A general officer is an officer of high rank in the armies, and in some nations' air forces, space forces, and marines or naval infantry.

In some usages the term "general officer" refers to a rank above colonel.

The term general is used in two ways: as the generic title for all grades of general officer and as a specific rank. 
It originates in the 16th century, as a shortening of captain general, which rank was taken from Middle French capitaine général.
The adjective general had been affixed to officer designations since the late medieval period to indicate relative superiority or an extended jurisdiction.

General officer ranks and history

The various grades of general officer are at the top of the military rank structure. Lower-ranking officers in land-centric military forces are typically known as field officers or field-grade officers, and below them are company-grade officers.

Common systems 
There are two common systems of general ranks used worldwide. In addition, there is a third system, the Arab system of ranks, which is used throughout the Middle East and North Africa but is not used elsewhere in the world.

Variations of one form, the old European system, were once used throughout Europe.
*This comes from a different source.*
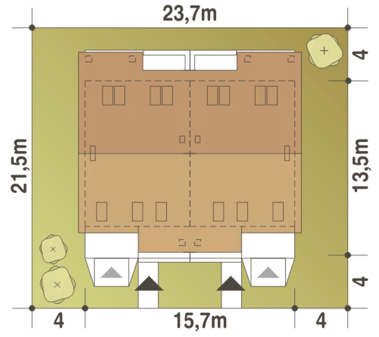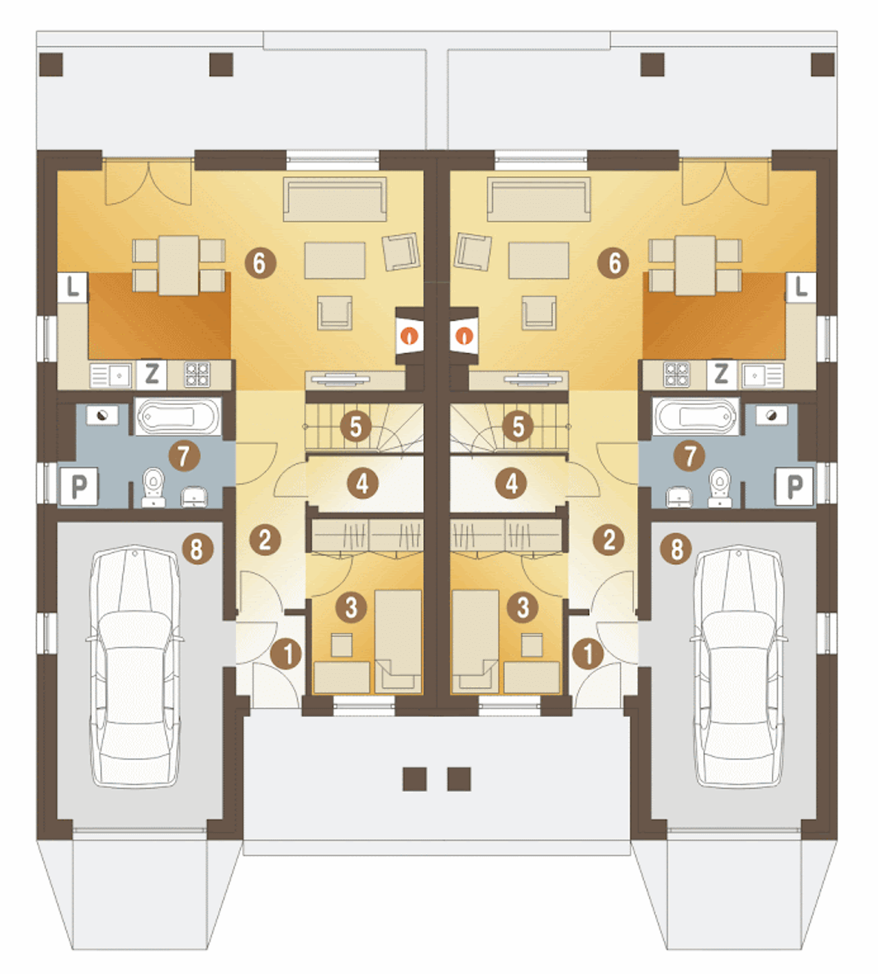 Wypełnij formularz i otrzymaj rysunki w pdf z dokładnymi wymiarami budynku i pomieszczeń (długość, szerokość, wysokość) dla projektu Norbert z garażem 1-st. bliźniak A-BL2

It is used in Germany, where it comes from originally, and from where it eventually spread to the United Kingdom and thence subsequently to other Commonwealth countries and the United States. The general officer ranks are named by prefixing "general", as an adjective, with field officer ranks, although in some countries the highest general officers are titled field marshal, marshal, or captain general.

The other is derived from the French Revolution, where generals' ranks are named according to the unit they (theoretically) command.

Old European system

The system used either a brigadier general or a colonel general rank (i.e. exclude one of the italicised ranks).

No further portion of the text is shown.